Most of studies do not describe the patients’ sun exposure, nor their diet or eating habits, which may influence the level of 25(OH)VID3. One previous study revealed that 25(OH)VITD2 level was not influenced by the seasons [53]. However, the authors did not find an association between VD deficiency and retinopathy or macrovascular complications [53].

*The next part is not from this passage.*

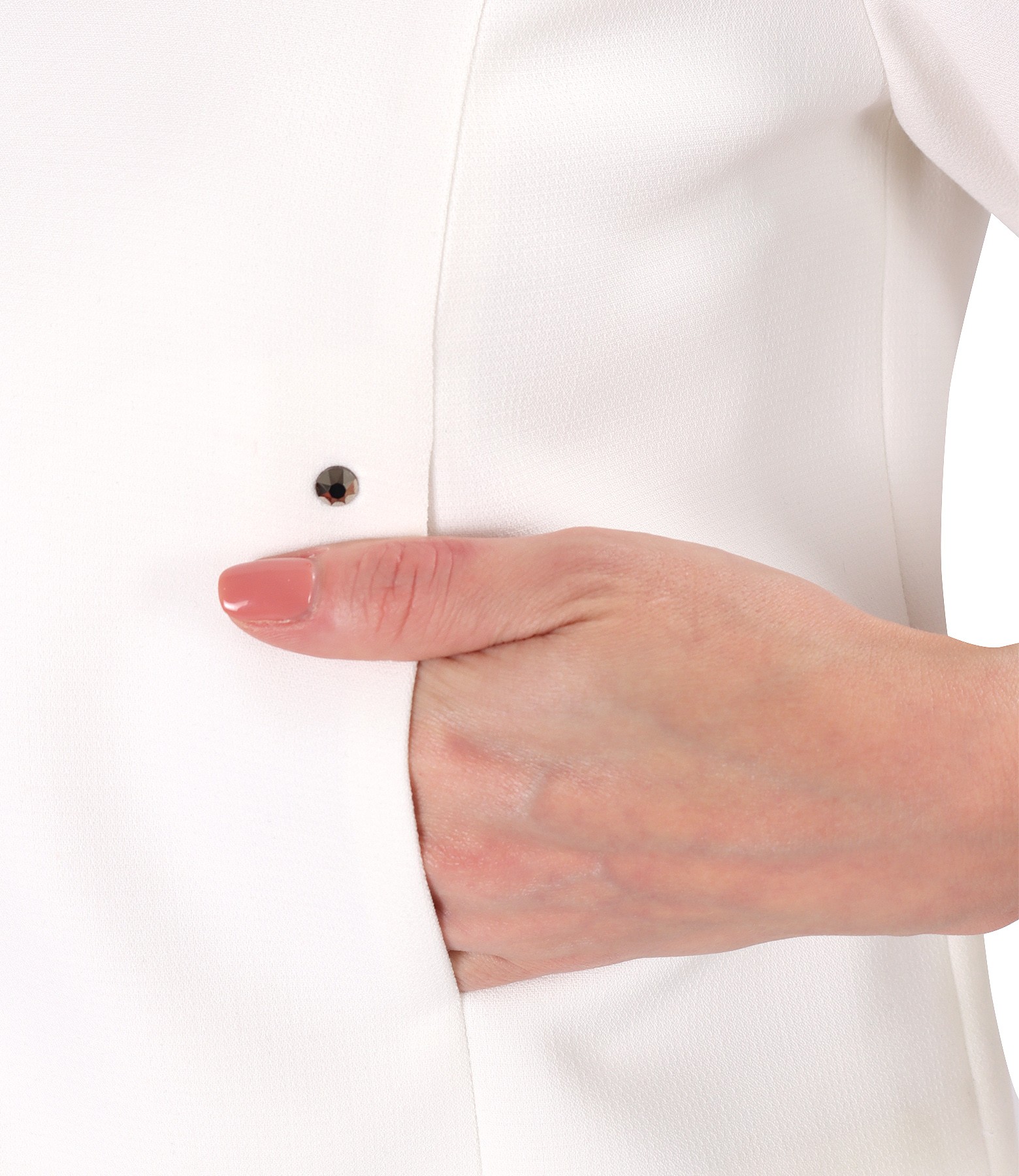 Elegant bolero, with 3/4 sleeves, padded, with vertical hidden pockets, tunic collar, embellished with crystals from on decolletage. Closes with 5 front staples pairs.

Without non-diabetic controls, it was impossible to judge whether the decrease in VD was a risk factor for diabetes. Some authors suggested that the VD metabolite ratio was a better indicator of VD status, however, we did not evaluate this criterion [54]. Another limitation is that our sample was hospital-based and perhaps not representative of the population of patients with diabetes followed by private practitioners. It was also a cross-sectional study, thus limiting conclusions about the direction of the reported associations. We do not have details on the dietary intake of the patients included in the study, but they are mainly immigrants, with a diet rich in starch and poor in fatty fish, fruits and vegetables [22]. Finally, the number of patients with micro- or macroangiopathic complications may have been insufficient to detect more subtle statistical differences or may have led to some associations that were due to chance. Nevertheless, the present study provides precise estimates of the prevalence of vitamin D deficiency among patients with diabetes and identified risk factors in French Guiana and hence will be useful to focus medical attention on the problem. Future studies on larger samples of this new cohort will further analyze the relation between vitamin D levels and incidence of micro- and macroangiopathic complications.

5. Conclusions

Our study revealed a major VD deficiency affecting about 66.48% of patients with diabetes (mainly type 2) in French Guiana. This problem remains underestimated because of the lack of guidelines and because different ethnic groups may have different definitions of vitamin D deficiency. In our study, patients with retinopathy had greater vitamin D concentrations than those without retinopathy and, on the contrary, those with angina pectoris had lower vitamin D concentrations than those without it. VD concentrations were negatively correlated with HbA1c concentration. Overall, as reflected by the discrepancies in the literature, there were no clear relations between VD and diabetes’ microvascular and macrovascular complications and no clear insights as to how to better manage patients with diabetes. VD dosing for certain at risk populations such as those with diabetes should nevertheless be encouraged in French Guiana given the high frequency of VD deficiency. The question of supplementation requires randomized controlled studies to control for potential confounders.